Sementara itu, peneliti senior di Network for Democracy and Electoral Integrity (Netgrit), Hadar Nafis Gumay menyebut penerapan kembali sistem proporsional memang berpotensi menurunkan partisipasi pemilih. Berdasarkan data dari pemilu sebelumnya, kata dia, pemilih lebih banyak mencoblos caleg dari pada partai. 

"Ketika berubah jadi sistem proporsional tertutup, tentu mereka akan kecewa. Kekecewaan itu bisa terwujud dengan tidak memilih. Jadi ada potensi menurunkan partisipasi pemilih," kata Hadar kepada Republika

 

 

Guru Besar Hukum Tata Negara, Denny Indrayana mengaku khawatir judicial review terhadap UU Pemilu yang mengusulkan agar sistem  pemilu menjadi proporsional tertutup menguatkan karakteristrik otoritarian Orde Baru.

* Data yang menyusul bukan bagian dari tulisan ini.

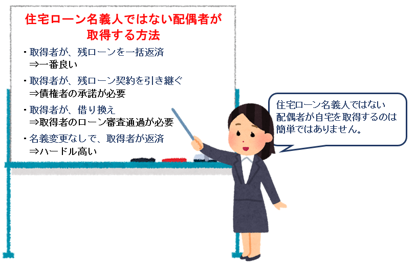 住宅ローン名義人ではない配偶者が自宅を取得するのは、簡単なことではありません。
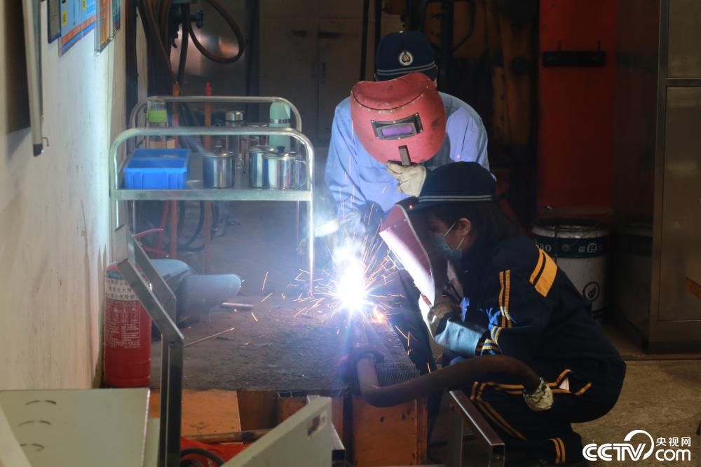 央视网消息:穿着长袖牛仔布防护服、防烫鞋,戴着工作帽、胶皮手套、防毒口罩,左手举着电焊罩,右手举着焊枪……作为中国铁路成都局集团有限公司重庆机务段唯一的女电焊工,45岁的殷燕飞焊修着受损的火车机车的部件。

Menurutnya, sistem proporsional tertutup menghadirkan kader jenggot yang mengakar ke atas dan tidak mewakili masyarakat pemilihnya. 

"Saya khawatir petitumnya kan menghilangkan frasa terbuka menjadi proporsional yang dimaknai tertutup, kalau ini dilakukan maka saya khawatir ini menguatkan karakteristrik otoritarian Orde Baru," kata Denny dalam sebuah diskusi, Selasa (17/1/2023). 

Denny menilai, partai yang mengusung sistem proporsional tertutup bukan untuk membangun sistem pemilu, melainkan lebih kepada hitung-hitungan matematis potensi kemenangan mendapatkan kursi lebih banyak apabila menggunakan sistem proporsional tertutup.

"Jadi ini kan bukan jangka panjang, bukan membangun sistem, tetapi hanya jangka pendek dirasa ini lebih menguntungkan maka itulah yang kemudian didorong," ujarnya.

Denny menjelaskan model semacam itu tidak tepat. Apalagi sistem proporsional tertutup tidak bisa menguatkan relasi antara pemilih dengan anggota parlemen pilihannya. 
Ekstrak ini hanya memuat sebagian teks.